What the task requires:
In the entries below, find the line with "您的位置:安康生态农业开发平台  >   >  亚德客4V210-08二位五通24V气动电磁阀110-06气缸换向电子气阀220" and the line with "クラス感たっぷりのサファイア"; copy them and every line between them exactly, but not the pictures.

*** Task inputs ***

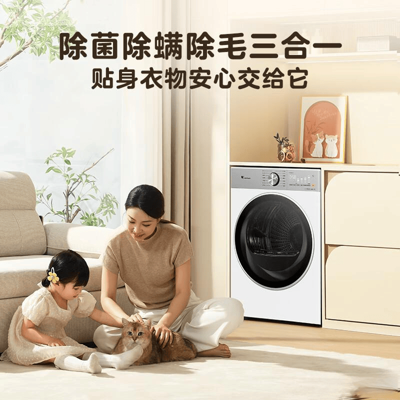 在功能方面,五重毛屑过滤系统能够深入去除衣物上的毛屑和粉尘,很适合有宠物的家庭。多维除菌功能和UV紫外线杀菌作用显著,能有效消灭99.9%的细菌,呵护全家健康。搭配温度传感器实时监控,确保烘干温度约42°C,既保护衣料,又保证干得均匀。
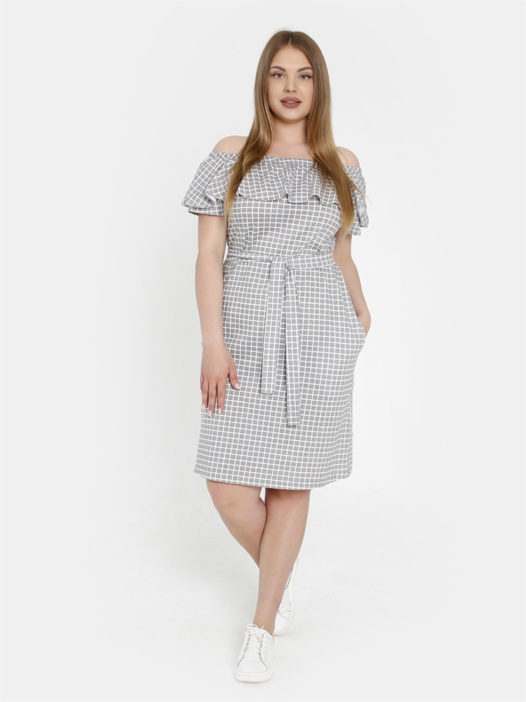 Платье женское от бренда ТОРИМЕЛ. Летний сарафан. Отпуск. Пляж. Выполнено из трикотажного полотна, 100% хлопок. Полуприлегающего силуэта, с поясом. Горловина собрана на резинку и отделана широкой оборкой. Короткий рукав, реглан. Карманы в боковом шве, добавят Вам дополнительный комфорт при использовании. По вашему желанию платье можно носить как на фото, так и обычным способом, либо на одно плечо. В этом нарядном удобном платье, Вы будете себя чувствовать комфортно в любой обстановке, дома, на даче, празднике и просто на прогулке. Состав: 100% хлопок.
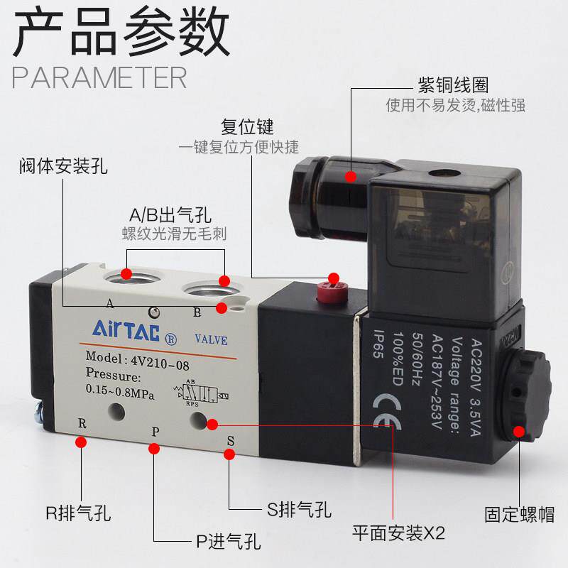 您的位置:安康生态农业开发平台  >   >  亚德客4V210-08二位五通24V气动电磁阀110-06气缸换向电子气阀220
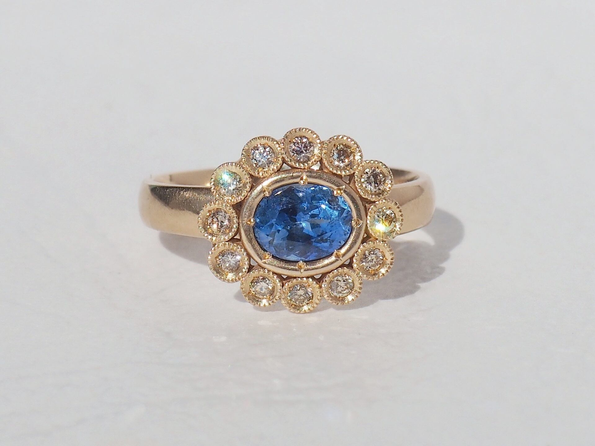 クラス感たっぷりのサファイア×ダイヤモンドリングは、あなたの指先に輝きを添える事と思います。
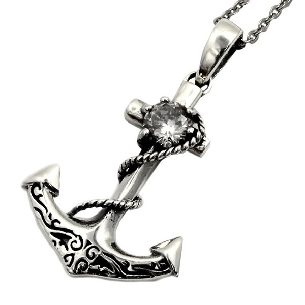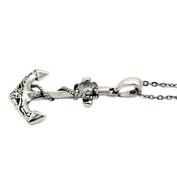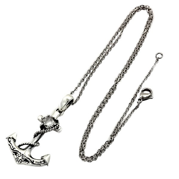 囚われのアンカー(錨)Royal Jokerボンテージアンカーペンダント。錨のモチーフに巻きついたロープがダーティークールなペンダント。ホワイトCZ(キュービックジルコニア)がワンポイントでセットされ、まるで宝石のように煌めく。ブラックの石もあるのでペアでもつけることができます。本物のシルバーだから出せる質感が堪能できるアイテムです。専用のケースが無料で付属するので、プレゼント・ギフトにとってもオススメです。

*** End of Task inputs ***

Exercise answer:
 您的位置:安康生态农业开发平台  >   >  亚德客4V210-08二位五通24V气动电磁阀110-06气缸换向电子气阀220
 クラス感たっぷりのサファイア×ダイヤモンドリングは、あなたの指先に輝きを添える事と思います。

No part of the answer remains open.